INFORMATION SUPPLIED

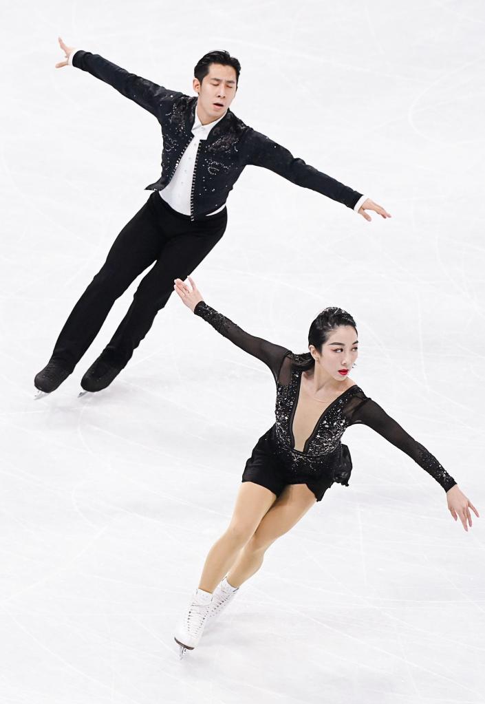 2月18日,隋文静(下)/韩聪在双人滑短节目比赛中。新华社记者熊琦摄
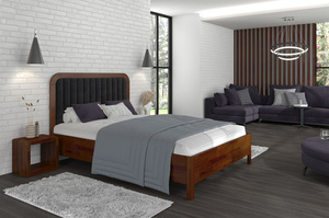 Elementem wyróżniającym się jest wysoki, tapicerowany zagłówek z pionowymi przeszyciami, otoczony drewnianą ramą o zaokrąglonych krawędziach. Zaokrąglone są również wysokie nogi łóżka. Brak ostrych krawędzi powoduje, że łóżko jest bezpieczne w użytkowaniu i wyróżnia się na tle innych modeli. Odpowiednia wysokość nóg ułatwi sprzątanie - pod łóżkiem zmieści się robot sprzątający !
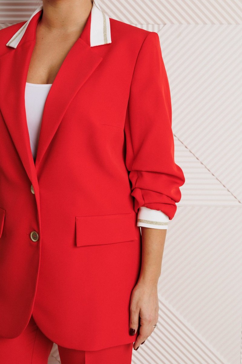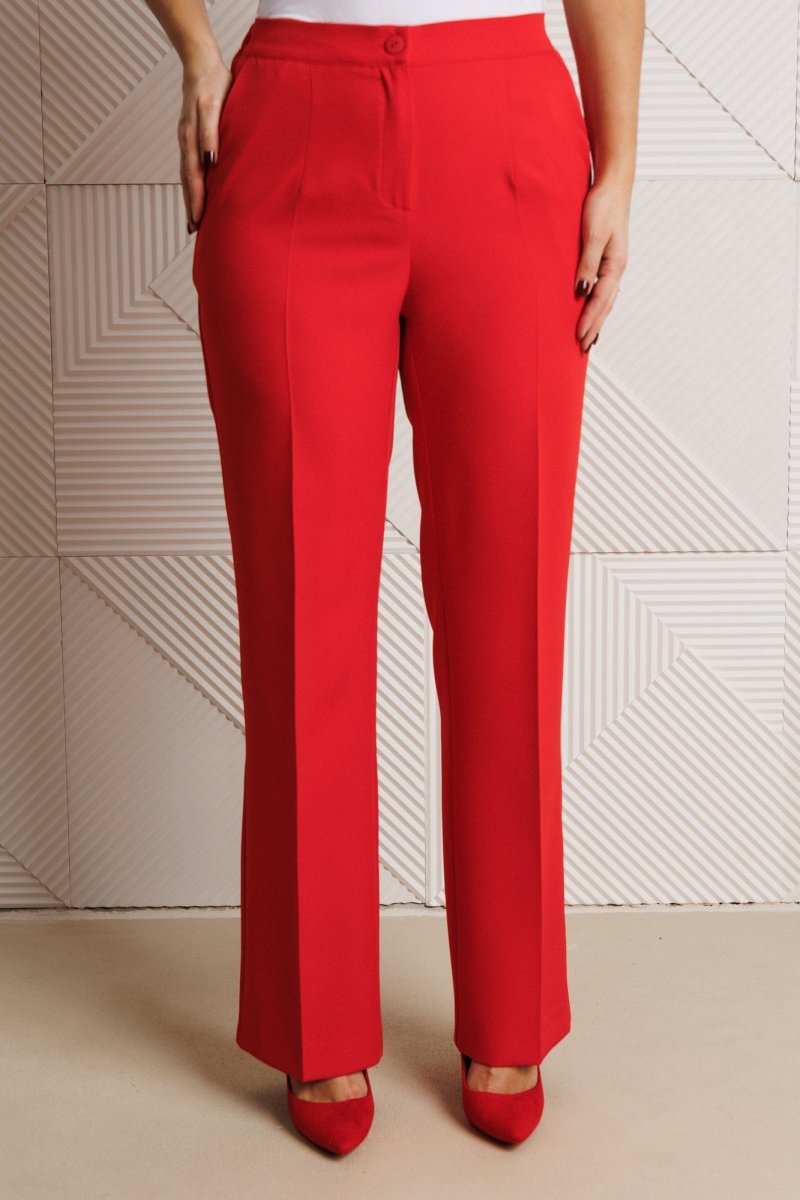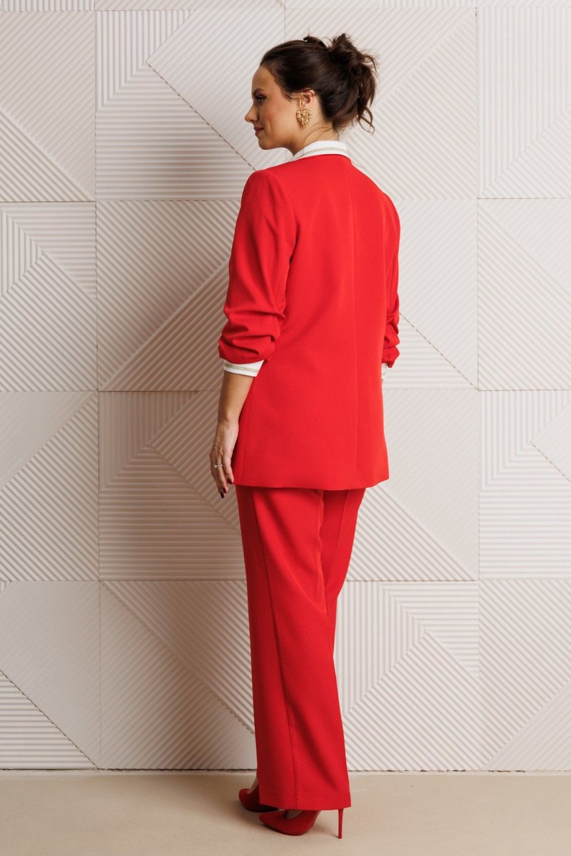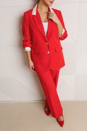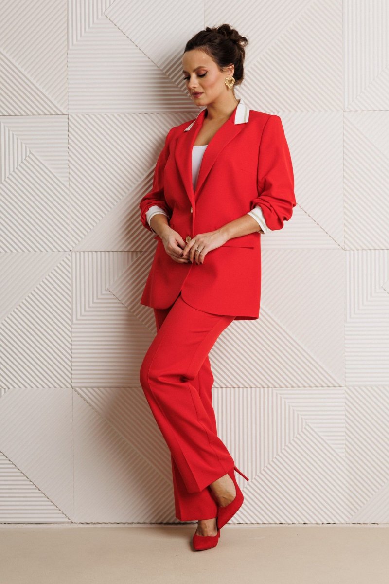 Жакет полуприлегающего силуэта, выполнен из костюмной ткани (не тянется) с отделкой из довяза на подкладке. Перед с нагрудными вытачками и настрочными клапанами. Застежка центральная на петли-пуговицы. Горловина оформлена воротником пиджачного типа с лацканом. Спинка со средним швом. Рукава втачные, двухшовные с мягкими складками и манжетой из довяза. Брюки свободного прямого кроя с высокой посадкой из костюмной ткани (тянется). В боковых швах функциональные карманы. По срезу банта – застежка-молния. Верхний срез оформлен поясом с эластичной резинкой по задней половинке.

* * *

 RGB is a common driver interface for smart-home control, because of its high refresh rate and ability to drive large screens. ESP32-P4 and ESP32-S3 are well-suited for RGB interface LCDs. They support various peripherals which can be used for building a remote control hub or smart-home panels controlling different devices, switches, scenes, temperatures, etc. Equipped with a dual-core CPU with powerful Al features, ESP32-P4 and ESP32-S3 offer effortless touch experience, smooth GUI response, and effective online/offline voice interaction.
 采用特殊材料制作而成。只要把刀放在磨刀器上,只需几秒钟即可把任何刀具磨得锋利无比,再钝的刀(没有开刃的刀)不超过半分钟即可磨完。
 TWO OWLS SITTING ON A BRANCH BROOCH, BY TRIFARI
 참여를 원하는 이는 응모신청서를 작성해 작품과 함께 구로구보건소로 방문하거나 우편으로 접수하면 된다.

TASK REQUIREMENTS
Given the records above, restate word for word only the lines starting at the one with "采用特殊材料制作而成。只要把" and ending at the one with "참여를 원하는 이는 응모신청서를".

EXERCISE OUTPUT
 采用特殊材料制作而成。只要把刀放在磨刀器上,只需几秒钟即可把任何刀具磨得锋利无比,再钝的刀(没有开刃的刀)不超过半分钟即可磨完。
 TWO OWLS SITTING ON A BRANCH BROOCH, BY TRIFARI
 참여를 원하는 이는 응모신청서를 작성해 작품과 함께 구로구보건소로 방문하거나 우편으로 접수하면 된다.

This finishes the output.